- [Task instructions]:
Go to the line that contains "SHORT-SLEEVED T-SHIRT, WIDE" in the listing below, then output it and every line after it exactly, omitting pictures.

- [Supplied records]:
######

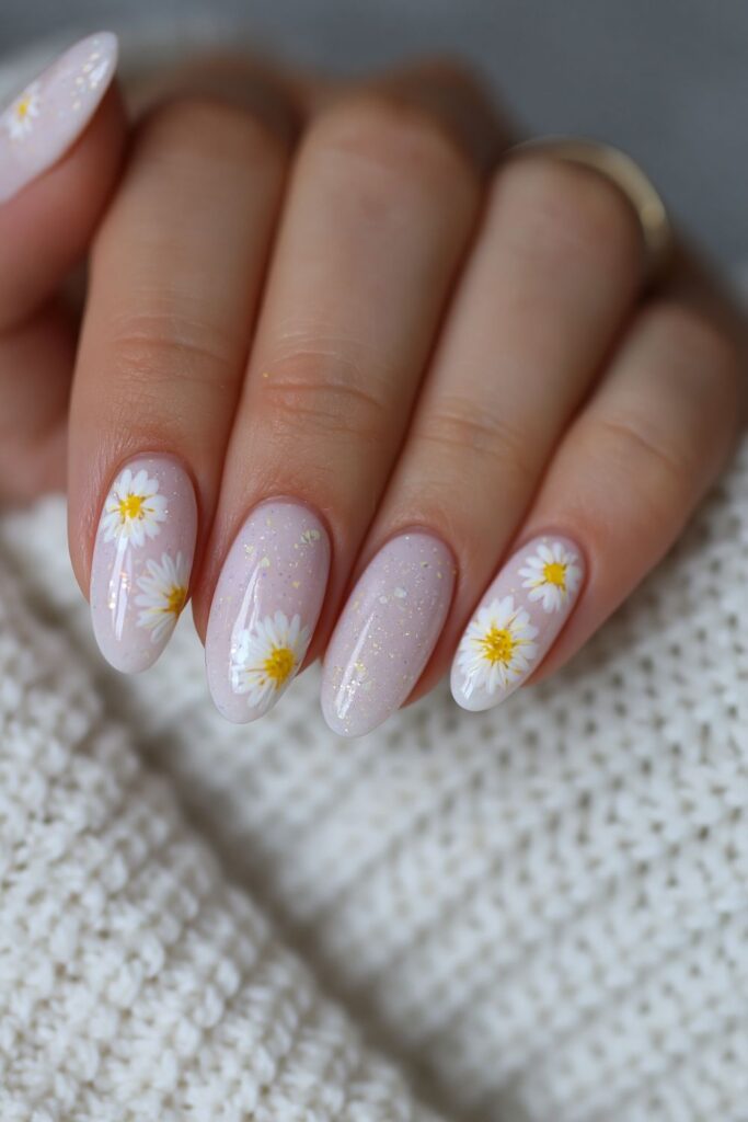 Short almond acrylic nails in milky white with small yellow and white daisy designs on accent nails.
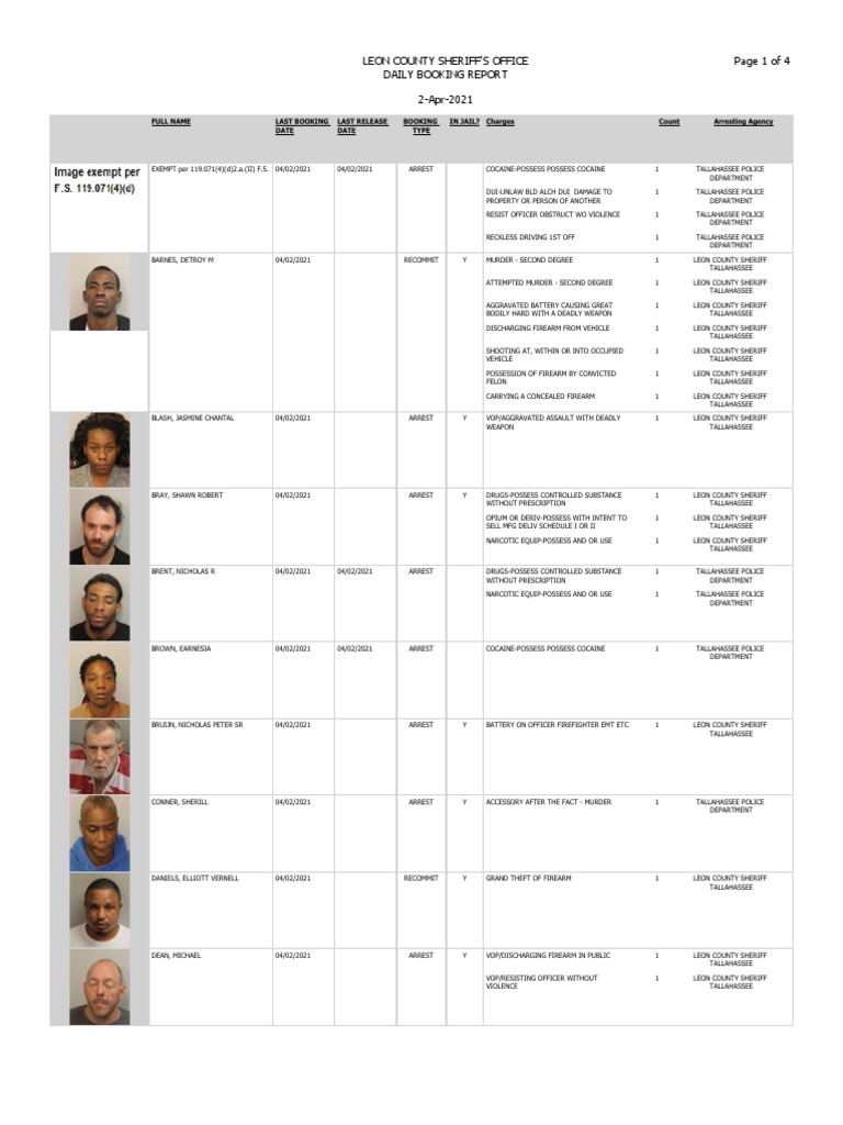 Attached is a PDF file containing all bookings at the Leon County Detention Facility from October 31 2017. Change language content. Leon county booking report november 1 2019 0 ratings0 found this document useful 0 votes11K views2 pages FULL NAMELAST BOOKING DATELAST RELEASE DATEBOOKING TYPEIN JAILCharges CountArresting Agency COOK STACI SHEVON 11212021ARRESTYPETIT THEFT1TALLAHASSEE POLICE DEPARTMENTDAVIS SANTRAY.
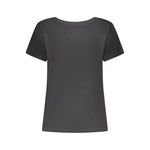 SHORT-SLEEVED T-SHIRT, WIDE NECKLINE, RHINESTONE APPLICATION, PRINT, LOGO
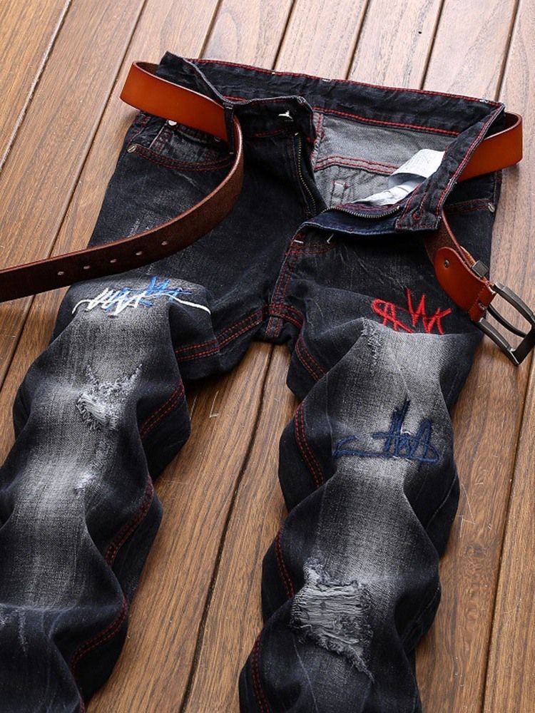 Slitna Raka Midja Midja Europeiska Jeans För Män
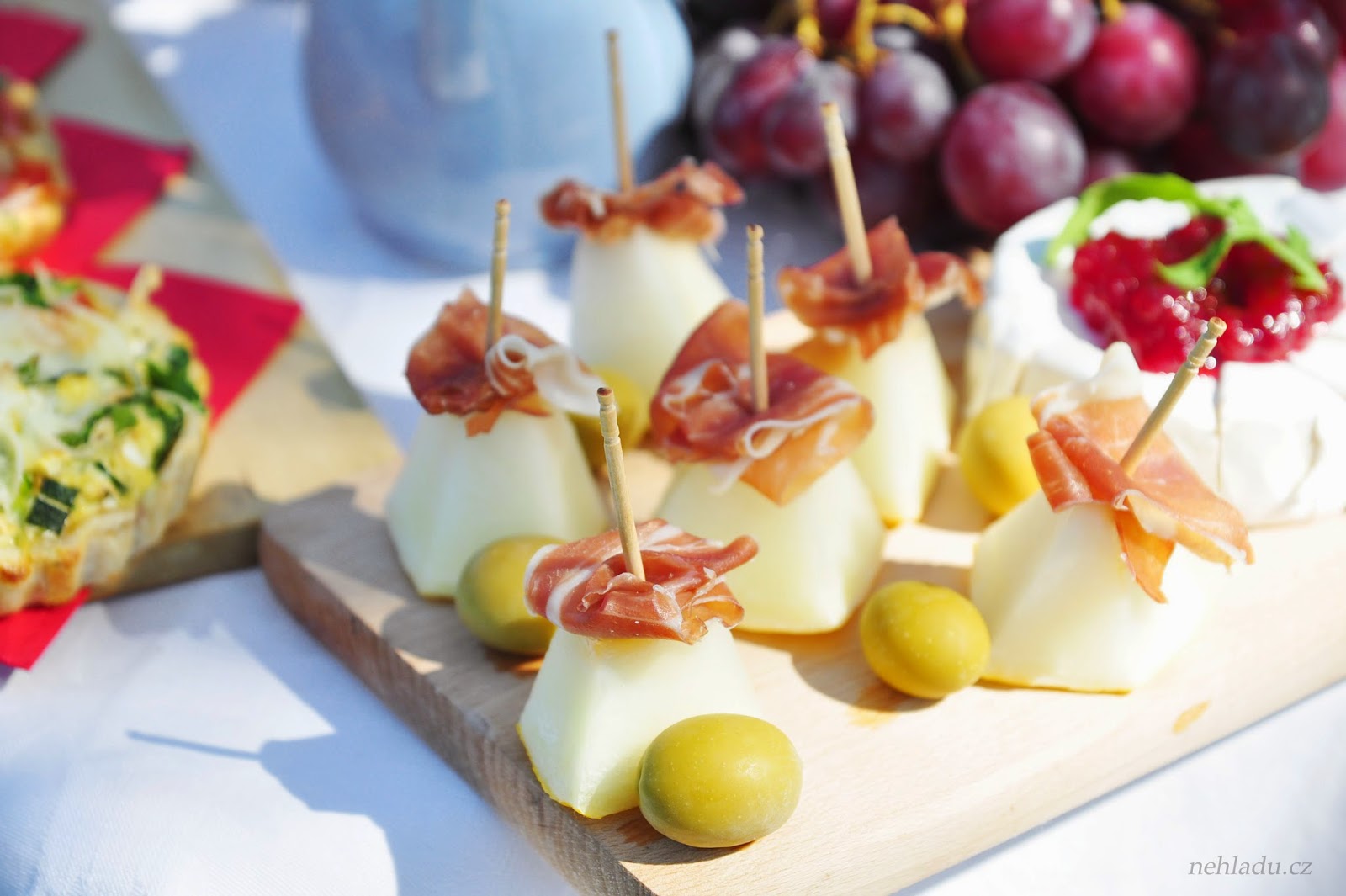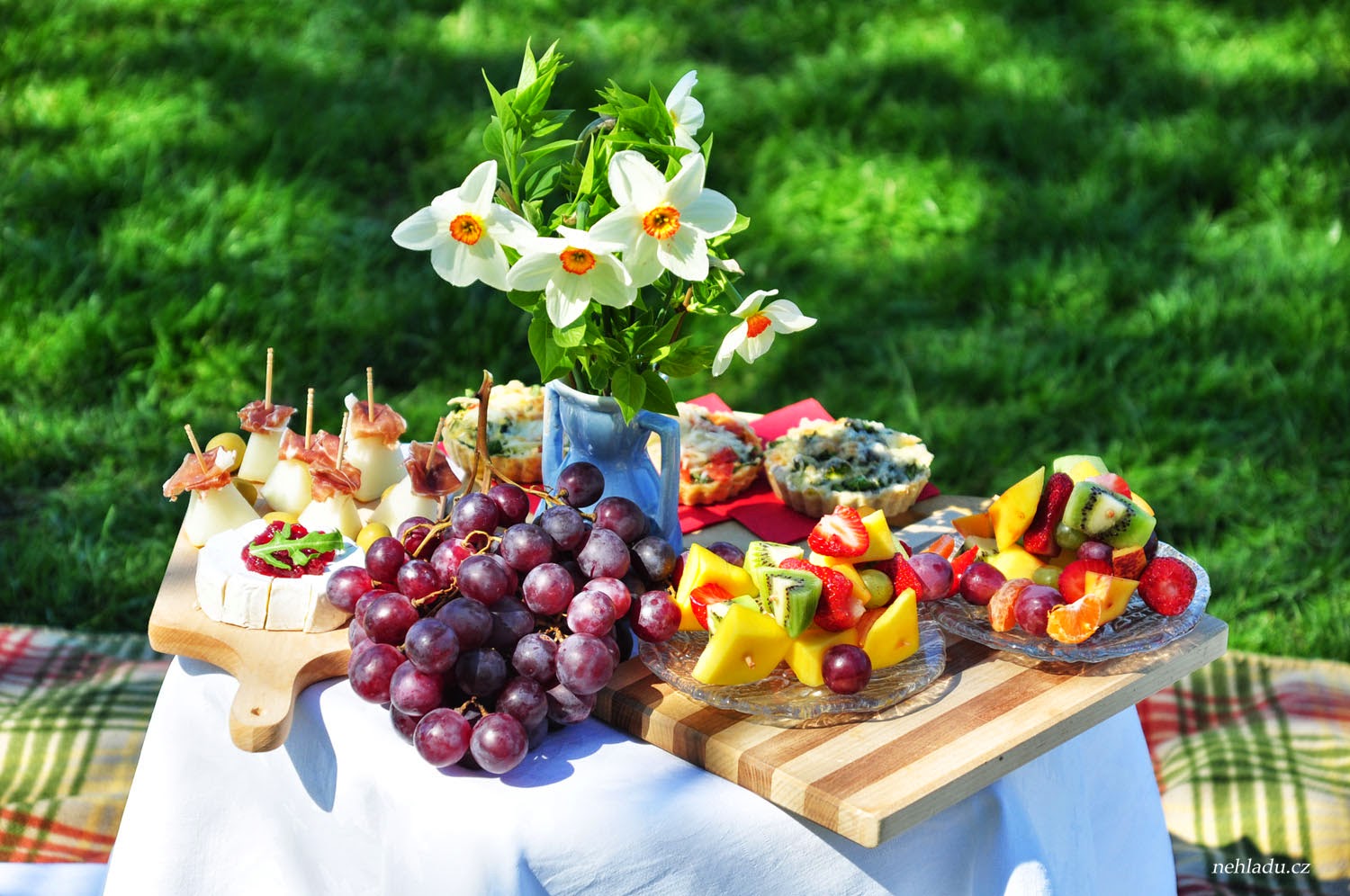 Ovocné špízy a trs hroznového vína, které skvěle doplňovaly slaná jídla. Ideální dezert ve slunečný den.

######

- [Task response]:
 SHORT-SLEEVED T-SHIRT, WIDE NECKLINE, RHINESTONE APPLICATION, PRINT, LOGO
 Slitna Raka Midja Midja Europeiska Jeans För Män
 Ovocné špízy a trs hroznového vína, které skvěle doplňovaly slaná jídla. Ideální dezert ve slunečný den.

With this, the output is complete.